Institute of Animal Husbandry and Veterinary Sciences, Zhejiang Academy of Agricultural Sciences, Hangzhou 310021, China.
J Virol Methods. 2012 May;181(2):148-54. doi: 10.1016/j.jviromet.2012.01.019. Epub 2012 Feb 2.
The design and development of a 3'-conjugated minor-groove-binding (MGB) probe for a real-time RT-PCR assay allowing for the rapid, sensitive, and specific detection of duck Tembusu virus (DTMUV) RNA are described. This assay targeted the 3' terminal non-coding region (NCR) of the TMUV genome and detected 1 × 10¹ copies of RNA per reaction without cross-reaction with other duck pathogens.

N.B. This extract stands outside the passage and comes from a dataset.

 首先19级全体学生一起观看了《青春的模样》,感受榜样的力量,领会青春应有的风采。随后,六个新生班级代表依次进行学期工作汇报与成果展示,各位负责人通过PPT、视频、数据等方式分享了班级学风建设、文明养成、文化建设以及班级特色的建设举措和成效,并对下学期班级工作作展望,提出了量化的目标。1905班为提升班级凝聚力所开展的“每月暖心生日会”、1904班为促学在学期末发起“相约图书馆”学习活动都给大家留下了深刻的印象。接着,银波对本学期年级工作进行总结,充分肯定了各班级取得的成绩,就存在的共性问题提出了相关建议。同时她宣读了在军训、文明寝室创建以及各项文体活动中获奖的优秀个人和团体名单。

The linear range of detection was 2 × 10¹-2 × 10⁸ copies/μl. The assay was rapid, requiring just over 2.0 h, including the nucleic acid extraction step. Therefore, this assay is an excellent tool for research routine diagnostic applications, and study of the epidemiology of TMUV infections among duck flocks.

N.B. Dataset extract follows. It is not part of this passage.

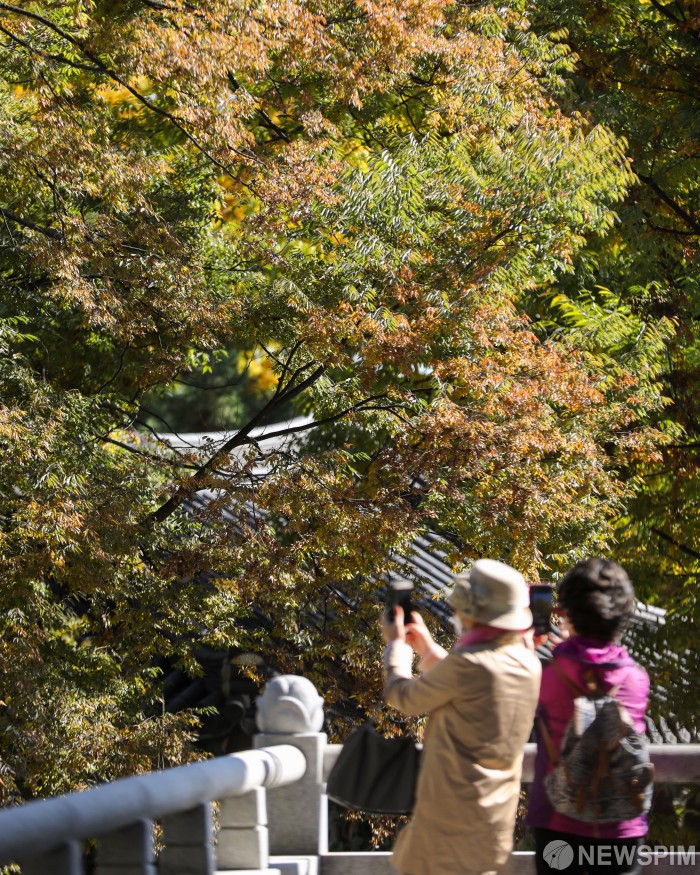 [서울=뉴스핌] 황준선 인턴기자 = 맑은 날씨를 보인 28일 오후 서울 성북구 길상사를 찾은 시민들이 가을빛으로 물들어가는 단풍들을 보며 즐거운 시간을 보내고 있다. 2021.10.28 hwang@newspim.com

描述了一种用于实时 RT-PCR 检测的 3'-共轭小沟结合(MGB)探针的设计和开发,该探针能够快速、敏感、特异地检测鸭坦布苏病毒(DTMUV)RNA。该检测方法针对 TMUV 基因组的 3'末端非编码区(NCR),每个反应可检测到 1×10¹拷贝的 RNA,与其他鸭病原体无交叉反应。检测的线性范围为 2×10¹-2×10⁸拷贝/μl。该检测方法快速,仅需 2.0 小时以上,包括核酸提取步骤。因此,该检测方法是研究常规诊断应用和鸭群中 TMUV 感染流行病学的优秀工具。